Records contained in a dataset:
==================================================

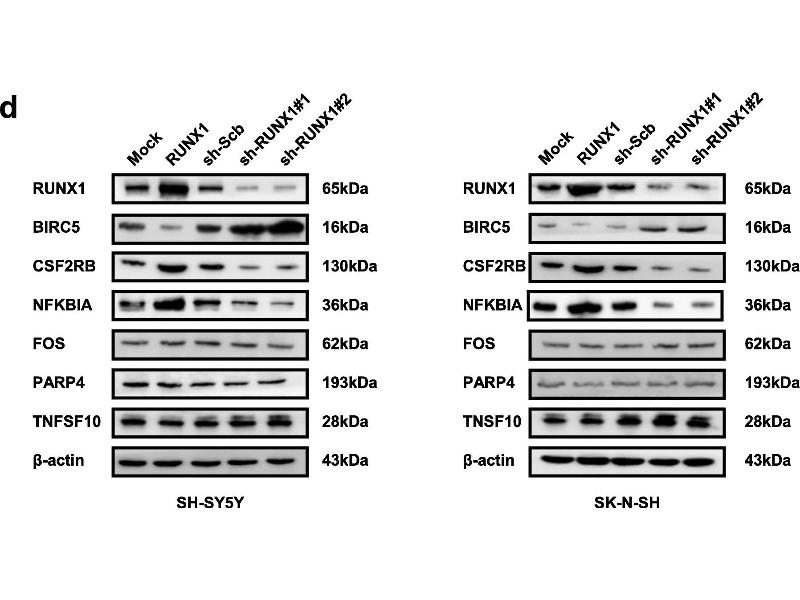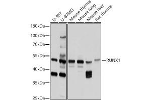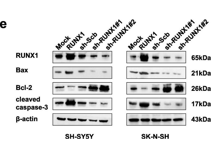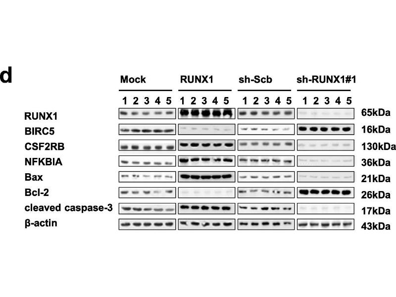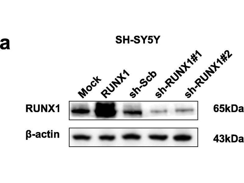 Core binding factor (CBF) is a heterodimeric transcription factor that binds to the core element of many enhancers and promoters. The protein encoded by this gene represents the alpha subunit of CBF and is thought to be involved in the development of normal hematopoiesis. Chromosomal translocations involving this gene are well-documented and have been associated with several types of leukemia. Three transcript variants encoding different isoforms have been found for this gene.,RUNX1,AML1,AML1-EVI-1,AMLCR1,CBF2alpha,CBFA2,EVI-1,PEBP2aB,PEBP2alpha,Epigenetics & Nuclear Signaling,Transcription Factors,Cancer,Cell Biology & Developmental Biology,Hippo Signaling Pathway,Neuroscience,Stem Cells,Hematopoietic Progenitors,Cardiovascular,Angiogenesis,RUNX1
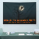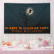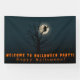 Pancarta de la fiesta de Halloween con una bruja, una destacada luna y un espeluznante árbol. Opción para incluir un mensaje personalizado para ese toque especial extra.
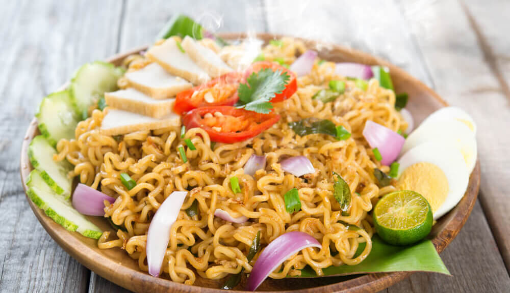 Egg Maggi is a easy, simple and quick snack dish and a favorite among children and adults alike. It is made by boiling Maggi noodles and adding boiled eggs to it. It is usually served with a side of tomato ketchup or chilli sauce.
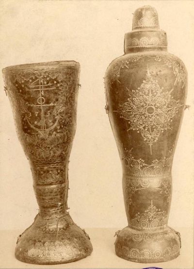 Műtárgyfotó - serlegtok, bőr, aranyozott díszítéssel, magyar, 1752 és fedeles serleg tokja, bőr, aranyozott díszítéssel, magyar, XVIII. sz.
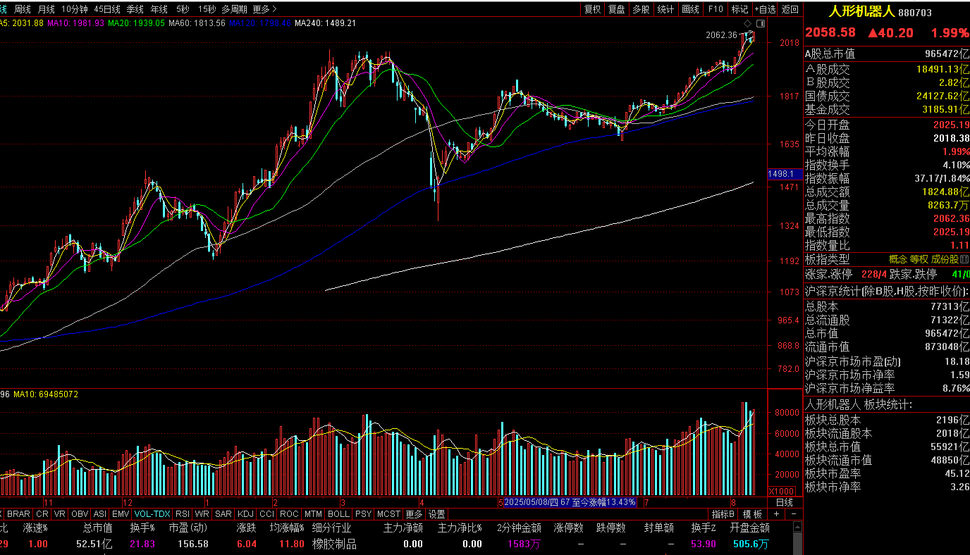 三大指数放量上扬,沪指上涨0.34%,深成指上涨1.46%,创业板指上涨1.96%。个股整体呈现涨多跌少态势,上涨家数达4188家,剔除ST股后,涨停个股有78家,跌停个股仅4家,市场情绪修复迹象显著。两市总成交额为1.82万亿,较前一交易日增加1167亿,成交量保持在较高水平
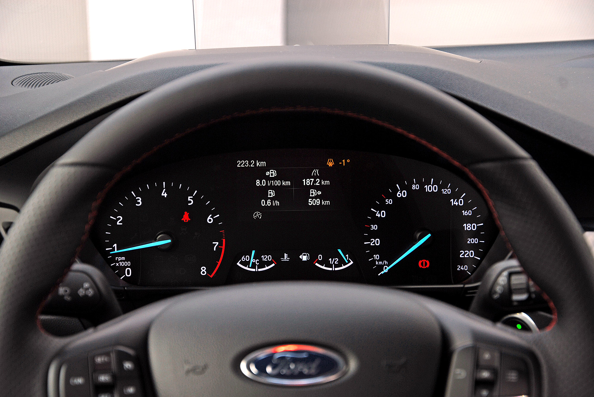 Više u Focusu nema one šume prekidača i tastera kako na centralnom grebenu tako i na upravljaču. Instrumenti su pregledni i lako čitljivi a „head up“ displej je vrlo, vrlo koristan sa mogućnošću serviranja navigacione mape, informacija sa infotejment sistema i najbitnijih saobraćajnih znakova.
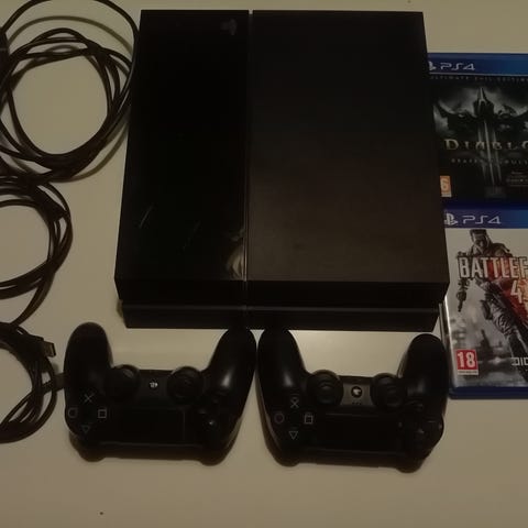 Sony Playstation 4 pelikonsoli, musta väri. Mukana kaksi ohjainta, joista toinen on kultainen ja toinen musta. Konsoli soveltuu Playstation 4 -peleihin ja gta 5 tulee mukaan
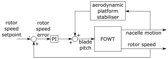 The conventional PI control loop is based on the blade-pitch angle modification for wind turbine rotor speed regulation. This regulation is essential to keep the rotor speed as close as possible to the rated value, in the above rated wind speed region, to produce a good electric power quality with small oscillations. The conventional PI control is tuned to be as vigorous as possible to avoid the large responses to wind gusts. Although this is the wind turbine PI tuning goal, in FOWTs, the conventional PI controller bandwidth cannot be higher than the natural frequency of the platform-pitch motion, as shown in [5]. The reason of this limitation is to avoid the negative platform damping effect in FOWTs.
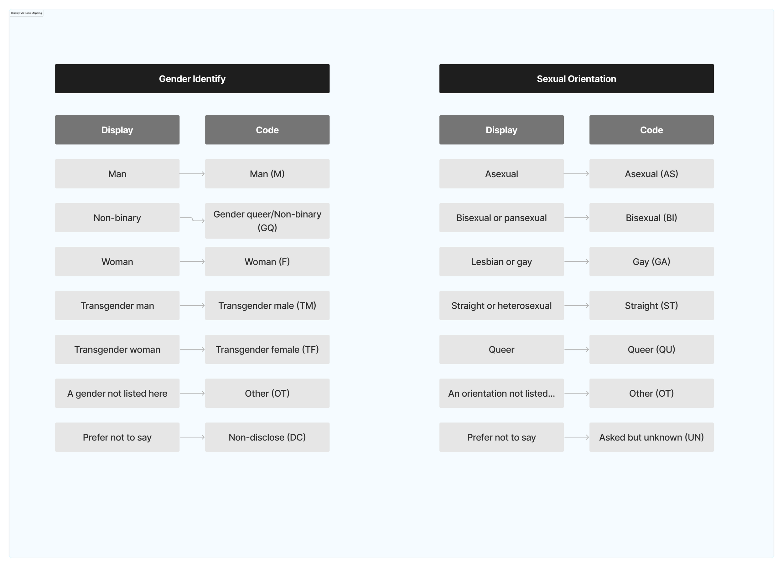 A challenge I came across was that the backend options for SOGI data did not directly align with the language HRC recommended. To solve this, I created a matrix for developers, ensuring that we displayed inclusive language and these selections accurately mapped to the limited options of our backend.
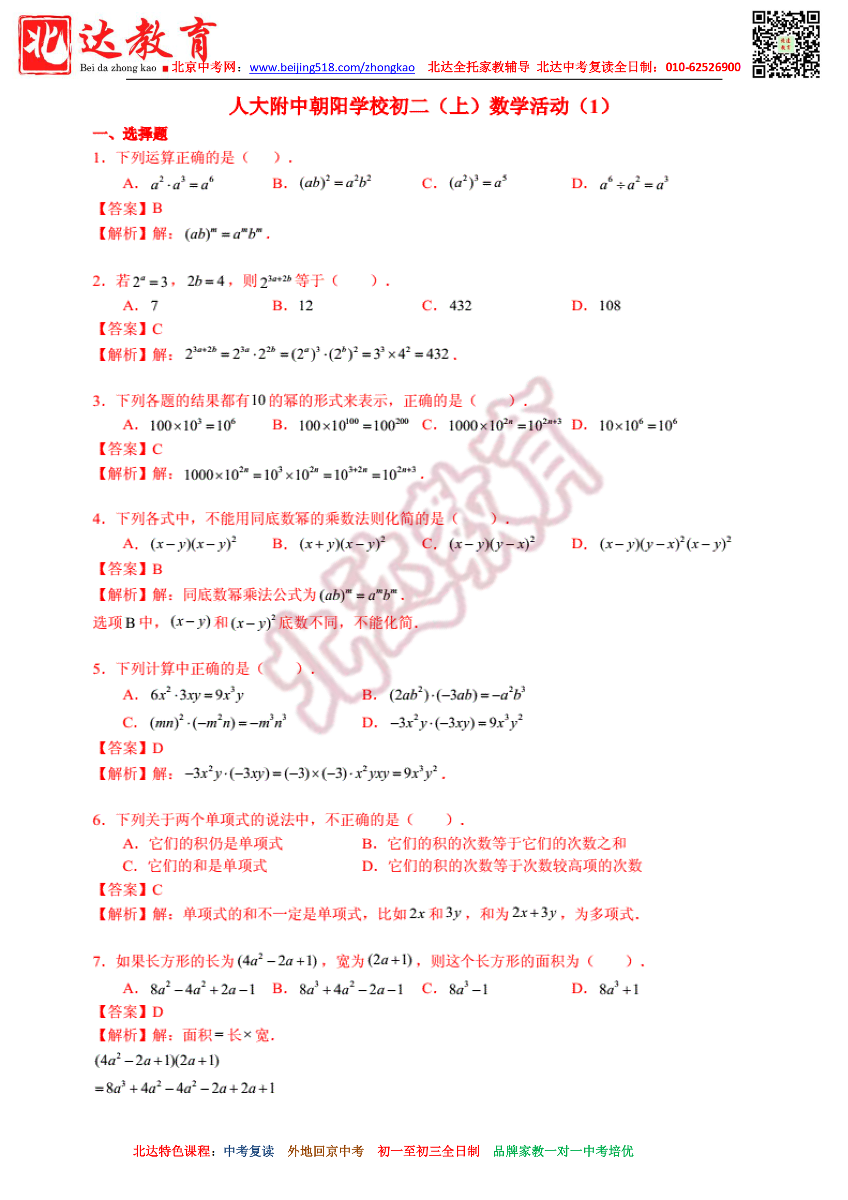 北京人大附中初二周测数学试题及答案汇总!北京admw360教研组整理分享相关信息,供大家参考。

==================================================

» Brief
Print the records exactly and omit all pictures.

» Answer below
 Core binding factor (CBF) is a heterodimeric transcription factor that binds to the core element of many enhancers and promoters. The protein encoded by this gene represents the alpha subunit of CBF and is thought to be involved in the development of normal hematopoiesis. Chromosomal translocations involving this gene are well-documented and have been associated with several types of leukemia. Three transcript variants encoding different isoforms have been found for this gene.,RUNX1,AML1,AML1-EVI-1,AMLCR1,CBF2alpha,CBFA2,EVI-1,PEBP2aB,PEBP2alpha,Epigenetics & Nuclear Signaling,Transcription Factors,Cancer,Cell Biology & Developmental Biology,Hippo Signaling Pathway,Neuroscience,Stem Cells,Hematopoietic Progenitors,Cardiovascular,Angiogenesis,RUNX1
 Pancarta de la fiesta de Halloween con una bruja, una destacada luna y un espeluznante árbol. Opción para incluir un mensaje personalizado para ese toque especial extra.
 Egg Maggi is a easy, simple and quick snack dish and a favorite among children and adults alike. It is made by boiling Maggi noodles and adding boiled eggs to it. It is usually served with a side of tomato ketchup or chilli sauce.
 Műtárgyfotó - serlegtok, bőr, aranyozott díszítéssel, magyar, 1752 és fedeles serleg tokja, bőr, aranyozott díszítéssel, magyar, XVIII. sz.
 三大指数放量上扬,沪指上涨0.34%,深成指上涨1.46%,创业板指上涨1.96%。个股整体呈现涨多跌少态势,上涨家数达4188家,剔除ST股后,涨停个股有78家,跌停个股仅4家,市场情绪修复迹象显著。两市总成交额为1.82万亿,较前一交易日增加1167亿,成交量保持在较高水平
 Više u Focusu nema one šume prekidača i tastera kako na centralnom grebenu tako i na upravljaču. Instrumenti su pregledni i lako čitljivi a „head up“ displej je vrlo, vrlo koristan sa mogućnošću serviranja navigacione mape, informacija sa infotejment sistema i najbitnijih saobraćajnih znakova.
 Sony Playstation 4 pelikonsoli, musta väri. Mukana kaksi ohjainta, joista toinen on kultainen ja toinen musta. Konsoli soveltuu Playstation 4 -peleihin ja gta 5 tulee mukaan
 The conventional PI control loop is based on the blade-pitch angle modification for wind turbine rotor speed regulation. This regulation is essential to keep the rotor speed as close as possible to the rated value, in the above rated wind speed region, to produce a good electric power quality with small oscillations. The conventional PI control is tuned to be as vigorous as possible to avoid the large responses to wind gusts. Although this is the wind turbine PI tuning goal, in FOWTs, the conventional PI controller bandwidth cannot be higher than the natural frequency of the platform-pitch motion, as shown in [5]. The reason of this limitation is to avoid the negative platform damping effect in FOWTs.
 A challenge I came across was that the backend options for SOGI data did not directly align with the language HRC recommended. To solve this, I created a matrix for developers, ensuring that we displayed inclusive language and these selections accurately mapped to the limited options of our backend.
 北京人大附中初二周测数学试题及答案汇总!北京admw360教研组整理分享相关信息,供大家参考。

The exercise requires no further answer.